> Material to process
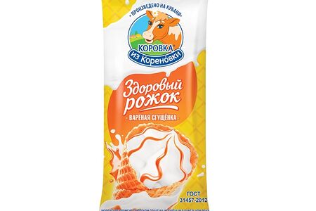 Мороженое Коровка из Кореновки пломбир с мягкой карамелью в вафельном рожке доставка
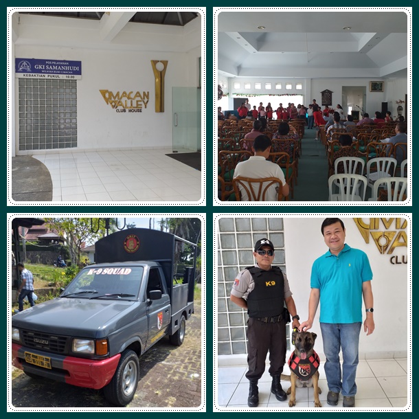 Karena rencana balik Tangerang masih nanti sore dan pastinya ga keburu ke gereja, jadi kami pergi ibadah pagi ini saja ke gereja di area Puncak. Ada pos dari GKI Samanhudi yang berlokasi di Perumahan Bumi Cimacan, tidak jauh dari Hotel Novus. Ibadah dilakukan di Cimacan Valley Club House nya, dengan pendeta yang khusus datang dari Jakarta. Selesai ibadah, ada patroli K-9 dari Polres Cianjur. Mereka membawa seekor anjing herder bernama Elsa yang baru berumur 2 tahun dan menjadi rebutan untuk foto bersama karena lucu dan gagah.
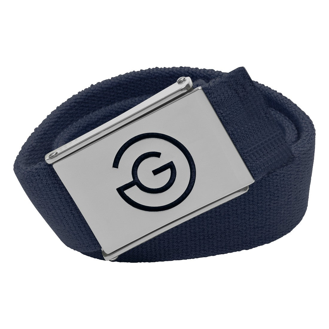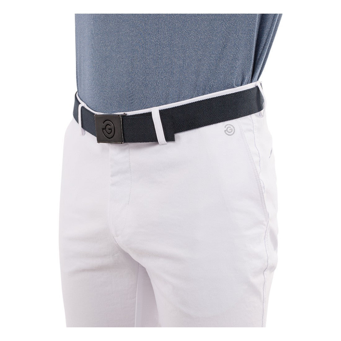 The Galvin Green Ward Elastic Golf Belt features a stretch design made of 95% recycled polyester and 5% spandex for adjustable, comfortable wear. The sustainable material is reinforced with a metal buckle, making it a durable and eco-friendly choice for golfers.
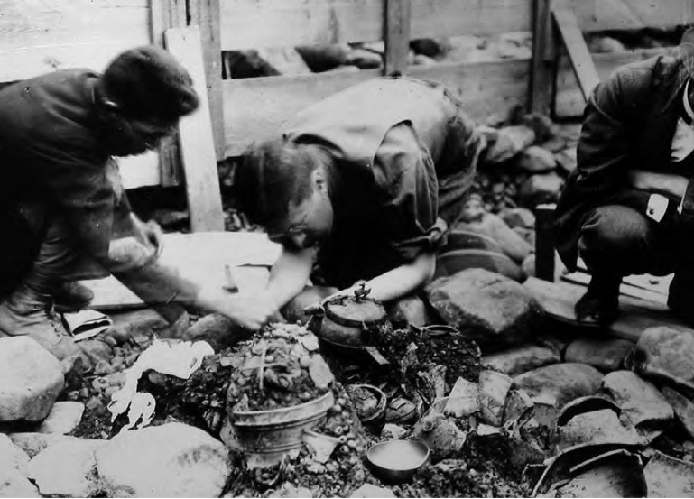 금관을 발굴중인 스웨덴의 구스타프 아돌프 황태자
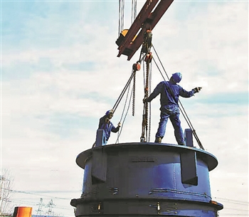 2020年9月,钳工班拍摄检修塔吊回转机构时的场景。
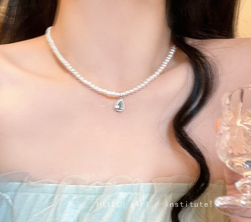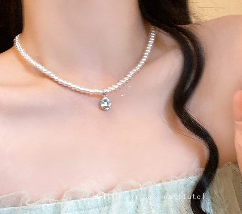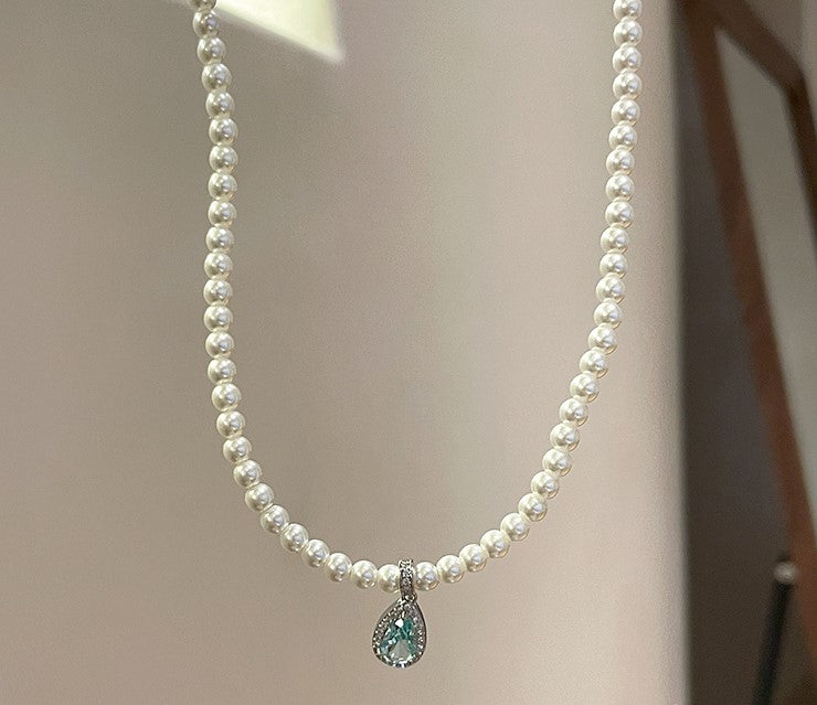 Aquamarine Blue Tear Drop Pearl Pendant Necklace
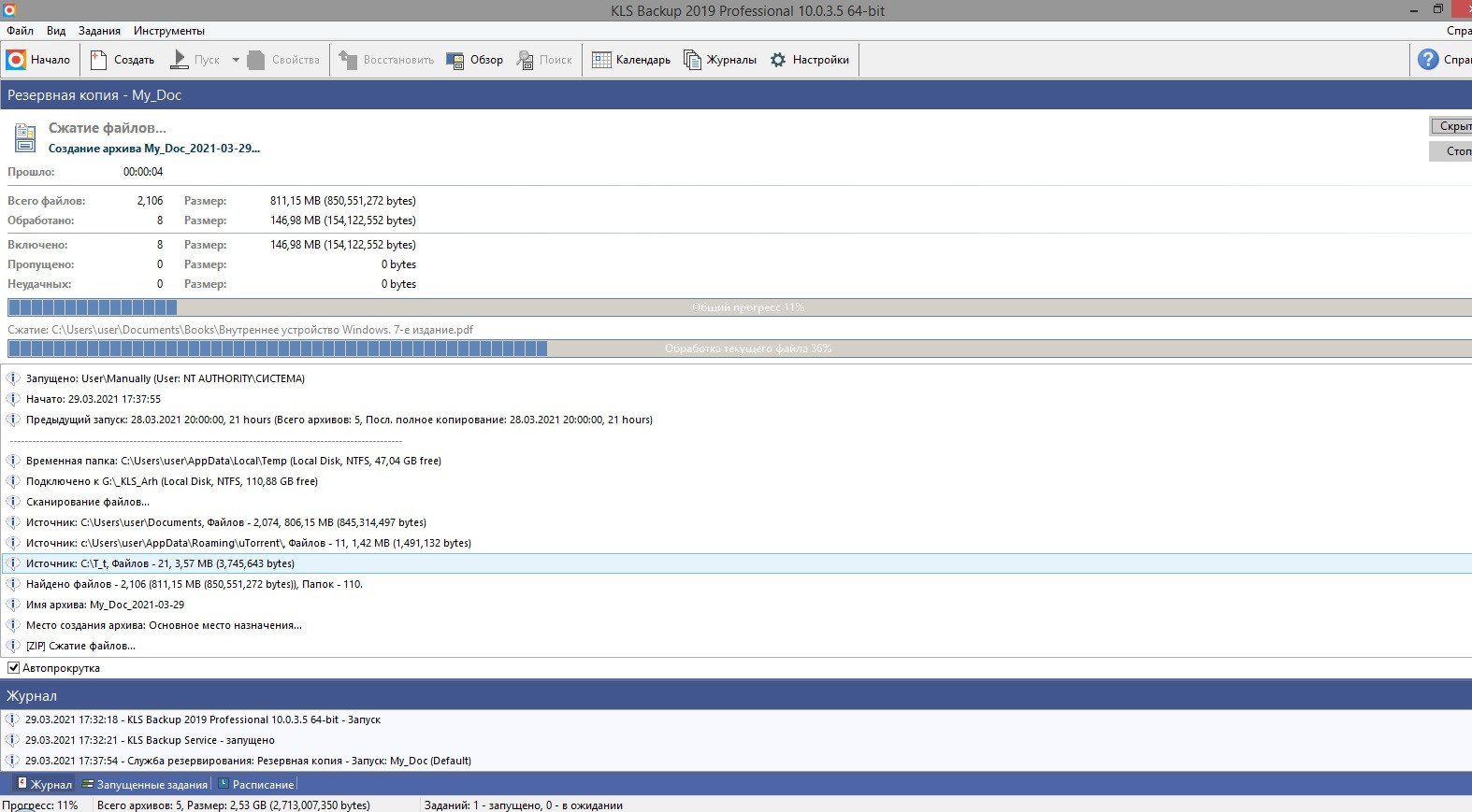 В комплекте (замена файлов)KLS Backup - мощная программа, предназначенная для создания резервных копий данных и последующей их синхронизации, а также для очистки диска. Может создавать резервные копии файлов и папок с локальных или сетевых дисков и FTP-серверов, записей реестра, баз данных MySQL, почтовых баз (Outlook, Oulook Express, Mozilla, Thunderbird), настроек Windows и различных программ. Данные могут сохраняться как в обычном, так и в сжатом и зашифрованном виде, в архивах (Zip, Zip64, 7z или SQX). Резервные копии можно сохранять на локальном или удаленном (сетевом) диске, на FTP сервере и CD/DVD дисках.
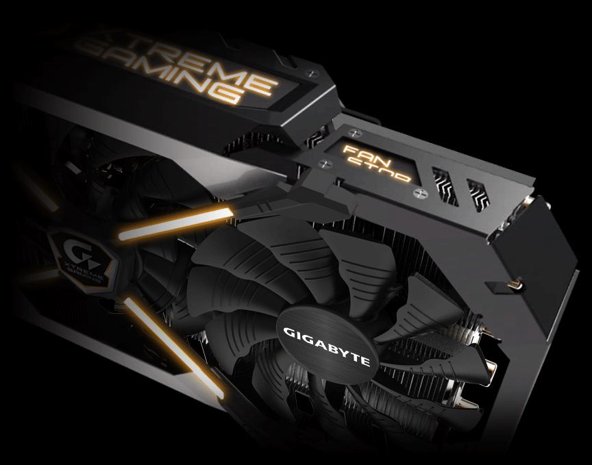 The XTREME GAMING graphics cards are equipped with 3D-Active Fan, the industry's first 0dB semi-passive fan design introduced by GIGABYTE back in 2007. The fans will remain off when the GPU is under a set loading or temperature for low power gaming. The LED fan indicator on the top of the graphics card provides an instant display of the fan status.
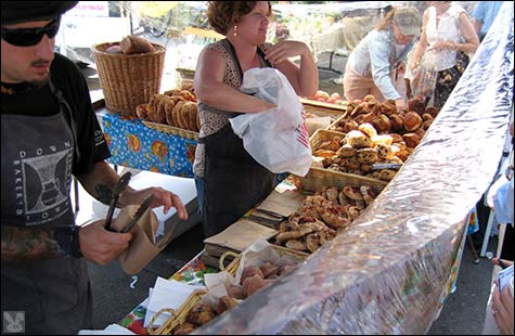 was a non-stop line of addicts. The Downtown Bakery and Creamery: ... has a much faster moving queue since everything they sell is ready-made. I got a nectarine and blueberry galette ($4.00): ... which had a crisp crust that was peasant bloused
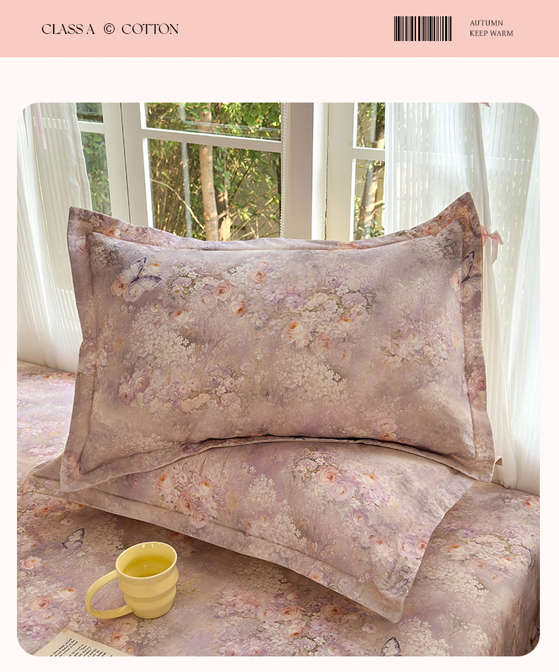 商品名称:拾物记 2025新款A类全棉纯棉加厚超柔磨毛单枕套(提供买家秀质检报告和实验视频) 雾野花蝶
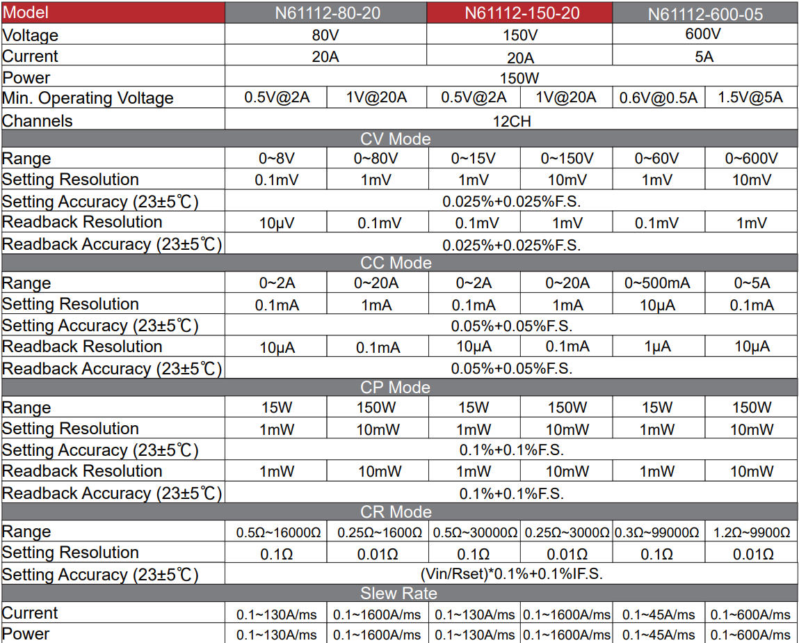 ●8가지 테스트 모드: CC, CV, CR, CP, CV+CC, CV+CR, CR+CC, CP+CC
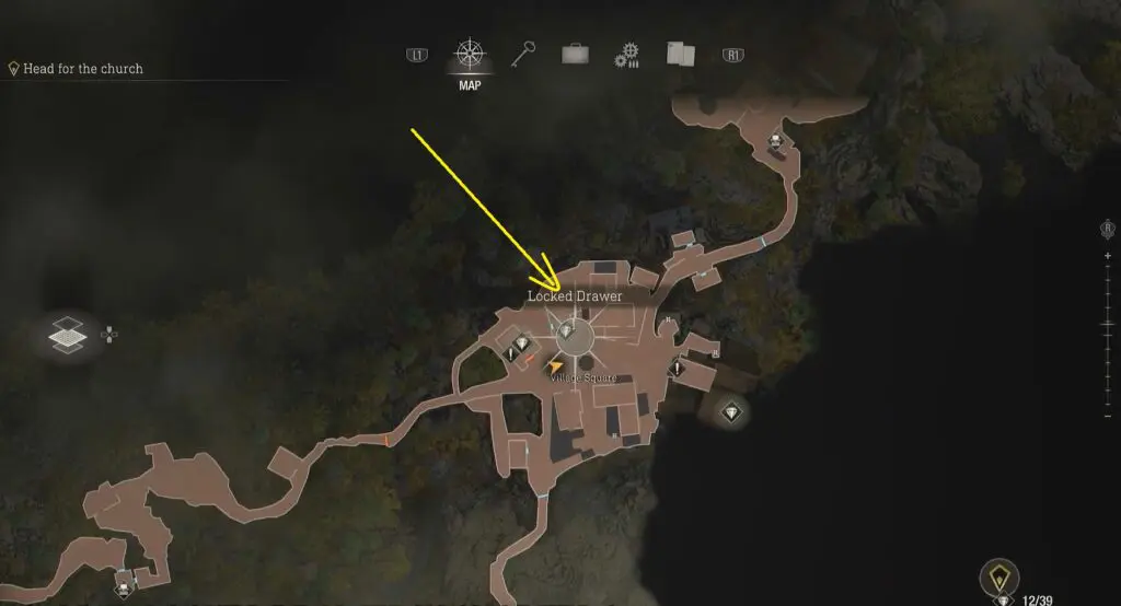 The locked drawer at the village square is available in chapter 3. Head inside the building on the left side and use the small key to open the drawer. The location is marked on the map below.
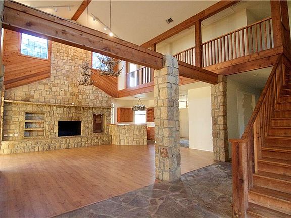Amazing Milsap stone house surrounded by peaceful ranch country. Incredible views from sloping acreage covered with mature oaks. 1/2 mile private driveway from Erwin Rd crosses the Clear Fork Trinity River on its own private bridge leading up to house atop the hill.
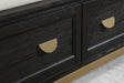 Ebony Finish, Panel Headboard and Storage Footboard, Vertical Accent Pattern for Headboard, Low Profile Footboard, 100% Solid Wood Construction, Brushed Stainless Steel Case Hardware, Felt Lined Top Drawers
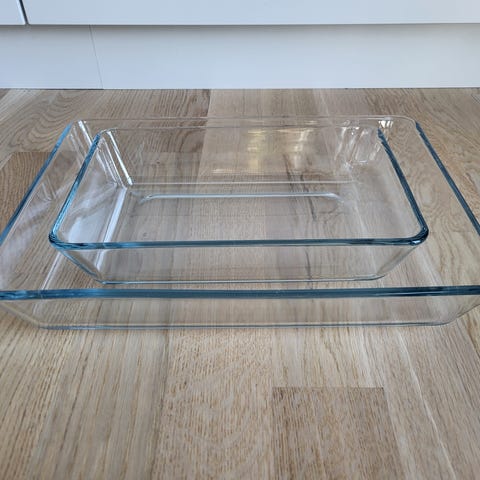 IKEA ildfast form i glass og en av ukjent merke i keramikk.
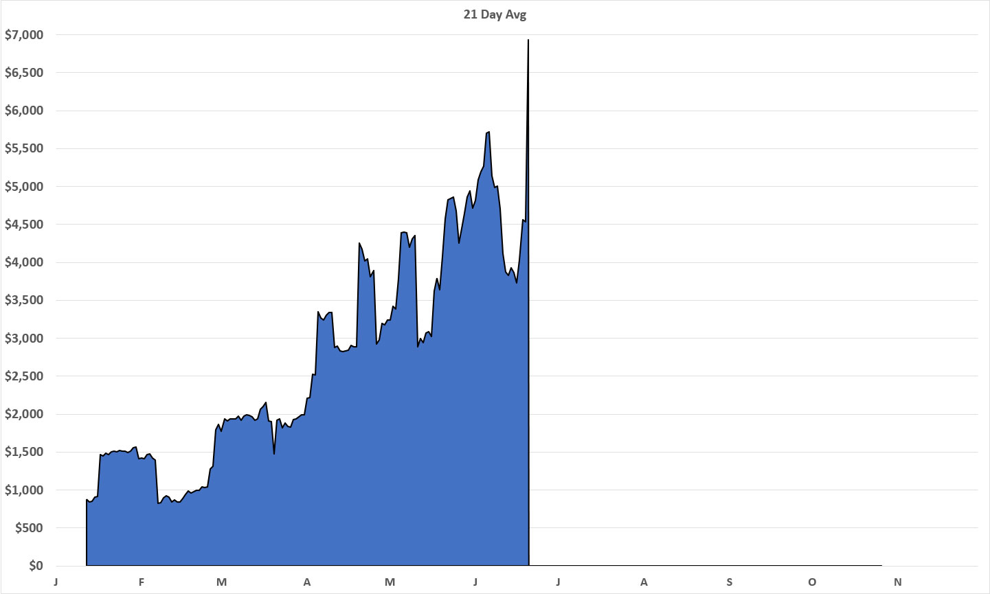 Here's what the rolling 21-day average looks like for overall fundraising. As you can see, the infamous June 27th "debate" and the absurdly over-the-top response from media & political pundits led to a MASSIVE spike in donations over the final few days of June (admittedly part of this was also likely due to June 30th being the final day of the month and the final day of the 2nd quarter, which is a Big Deal from a quarterly campaign finance report POV:
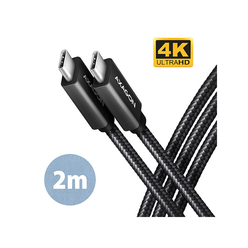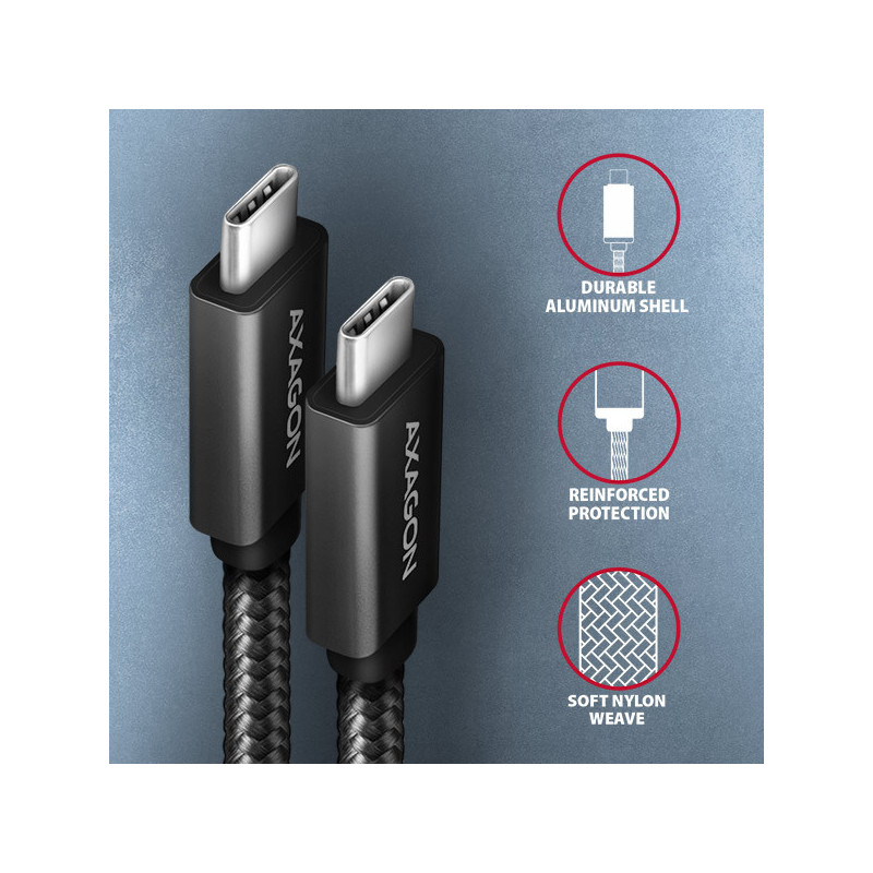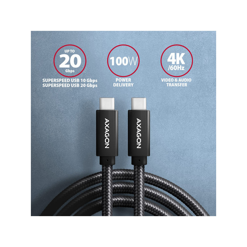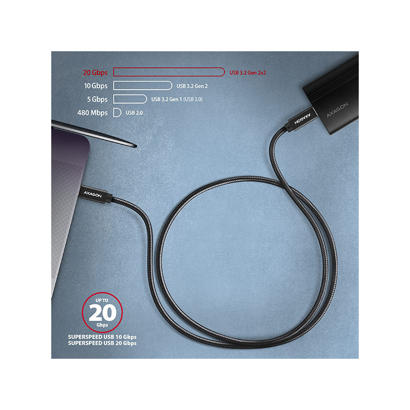 Prémiový propojovací USB-C <-> USB-C datový a nabíjecí AXAGON BUCM32-CM20AB SPEED+ USB 3.2 Gen 2 kabel s konektory USB-C male na obou koncích. Kabel je navržen pro velmi rychlé datové přenosy a nabíjení notebooků, telefonů, tabletů a dalších mobilních zařízení. Podporuje přenos dat rychlostí až 20 Gb/s a nabíjení proudem až 5A. Kabel také umožní přenos obrazu až do rozlišení 4K/60Hz Ultra HD a zvuku.

> Required action
Write out, exactly and with no pictures, the lines of the data from the first through the line containing "금관을 발굴중인 스웨덴의 구스타프 아돌프 황태자".

> Written answer
 Мороженое Коровка из Кореновки пломбир с мягкой карамелью в вафельном рожке доставка
 Karena rencana balik Tangerang masih nanti sore dan pastinya ga keburu ke gereja, jadi kami pergi ibadah pagi ini saja ke gereja di area Puncak. Ada pos dari GKI Samanhudi yang berlokasi di Perumahan Bumi Cimacan, tidak jauh dari Hotel Novus. Ibadah dilakukan di Cimacan Valley Club House nya, dengan pendeta yang khusus datang dari Jakarta. Selesai ibadah, ada patroli K-9 dari Polres Cianjur. Mereka membawa seekor anjing herder bernama Elsa yang baru berumur 2 tahun dan menjadi rebutan untuk foto bersama karena lucu dan gagah.
 The Galvin Green Ward Elastic Golf Belt features a stretch design made of 95% recycled polyester and 5% spandex for adjustable, comfortable wear. The sustainable material is reinforced with a metal buckle, making it a durable and eco-friendly choice for golfers.
 금관을 발굴중인 스웨덴의 구스타프 아돌프 황태자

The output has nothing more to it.